» **Data provided**
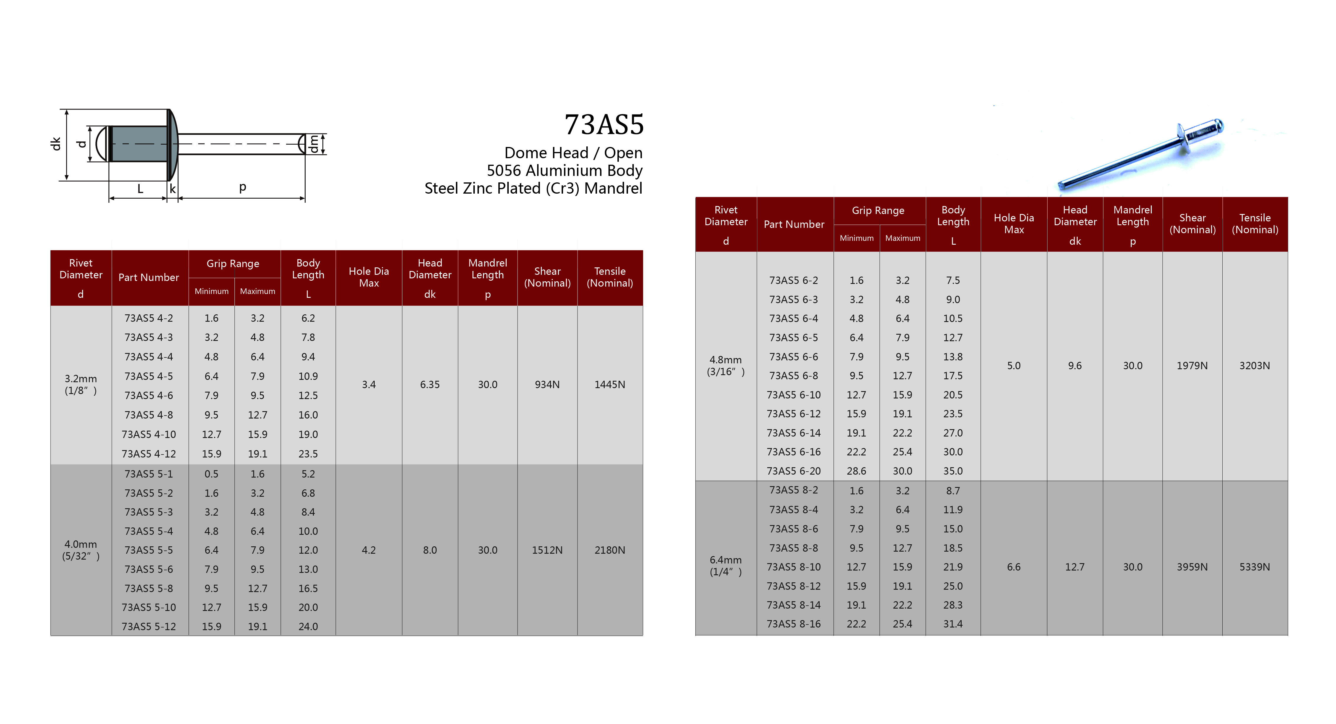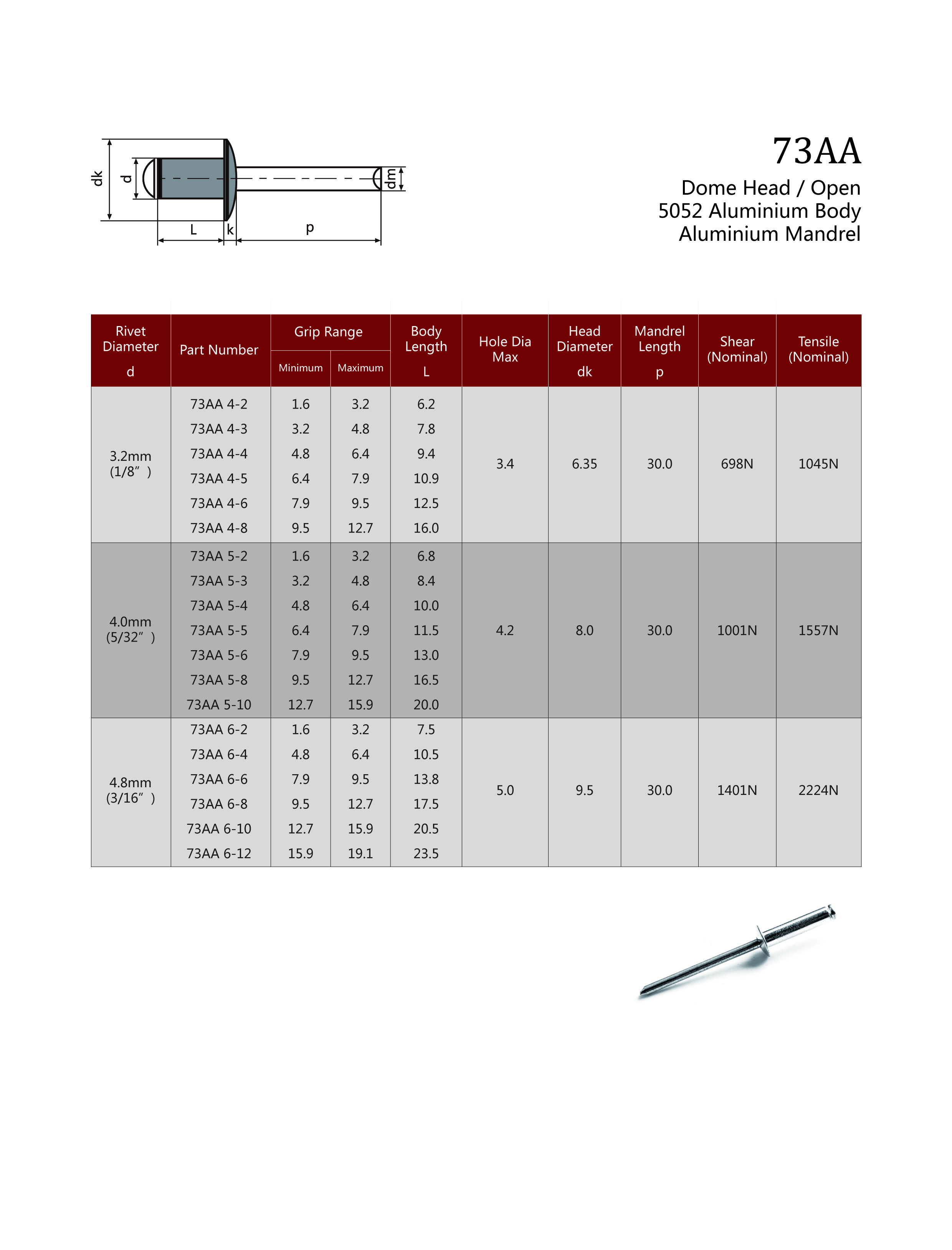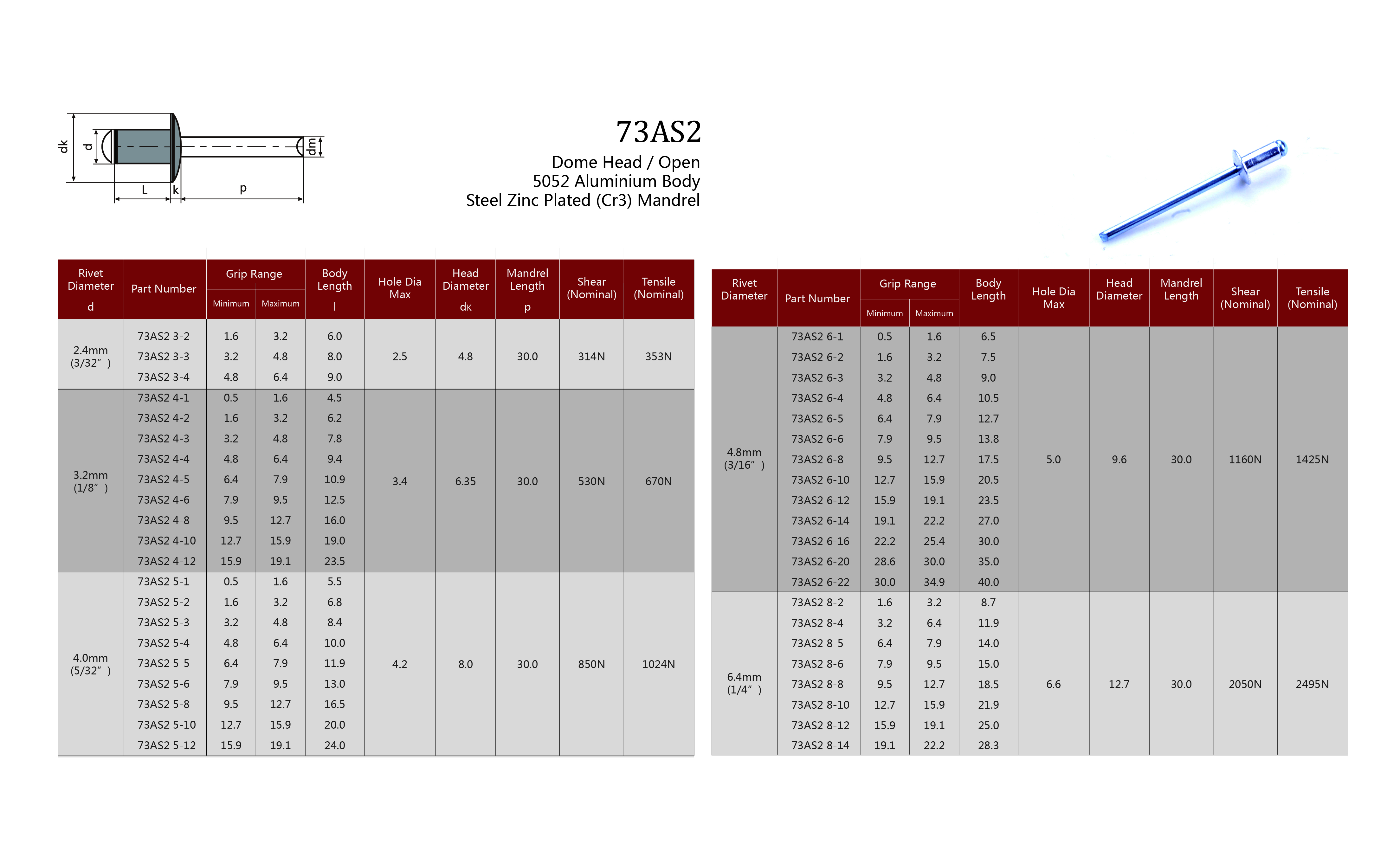 73AS2 - Dome Head Aluminium (5052) Open / Steel
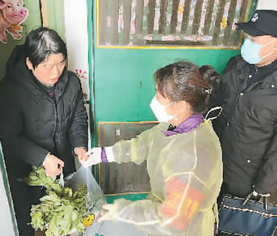 社区主任董守芝(中)上门为社区居民送菜。 受访者供图
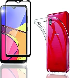 【1枚 For Galaxy A20 / Galaxy A21 / SC-42A / SC-02M / SCV46 ガラスフィルム + Galaxy A20 / Galaxy A21 ケース クリア カバー】Galaxy A20 フィルム 日本旭硝子素材AGC 硬度9H 指紋防止 飛散防止 強化ガラス + 透明 ソフト シリコン TPU 衝撃防止 黄変防止 散熱加工 Qi充電対応 軽量+ストラップホール付属 ネックストラップ付 galaxy A20
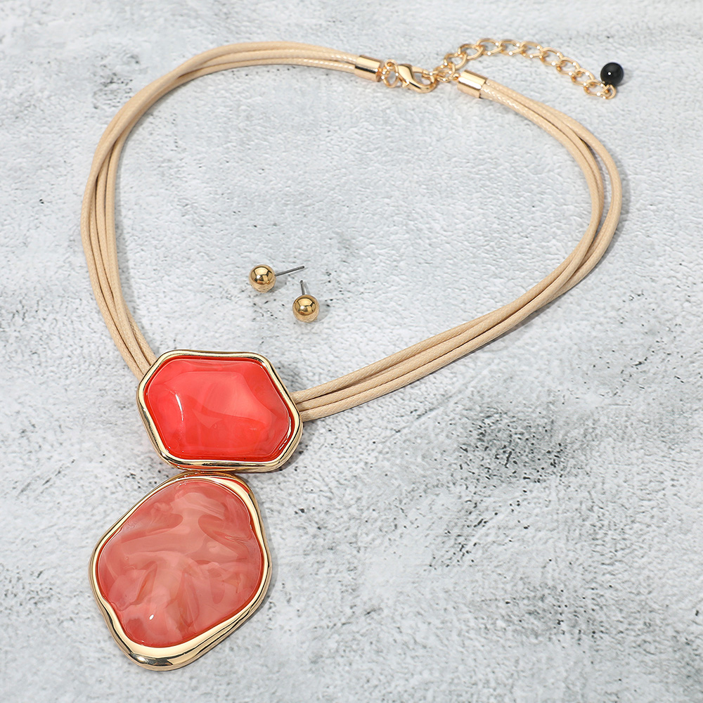 Bold Abstract Double Resin Link Pendant Statement Necklace

» **What to work on**
Write out the lines of the material from the one containing "ネックストラップ付 galaxy A20" through the last, exactly and only those. Leave every picture out.

» **Completed task**
 【1枚 For Galaxy A20 / Galaxy A21 / SC-42A / SC-02M / SCV46 ガラスフィルム + Galaxy A20 / Galaxy A21 ケース クリア カバー】Galaxy A20 フィルム 日本旭硝子素材AGC 硬度9H 指紋防止 飛散防止 強化ガラス + 透明 ソフト シリコン TPU 衝撃防止 黄変防止 散熱加工 Qi充電対応 軽量+ストラップホール付属 ネックストラップ付 galaxy A20
 Bold Abstract Double Resin Link Pendant Statement Necklace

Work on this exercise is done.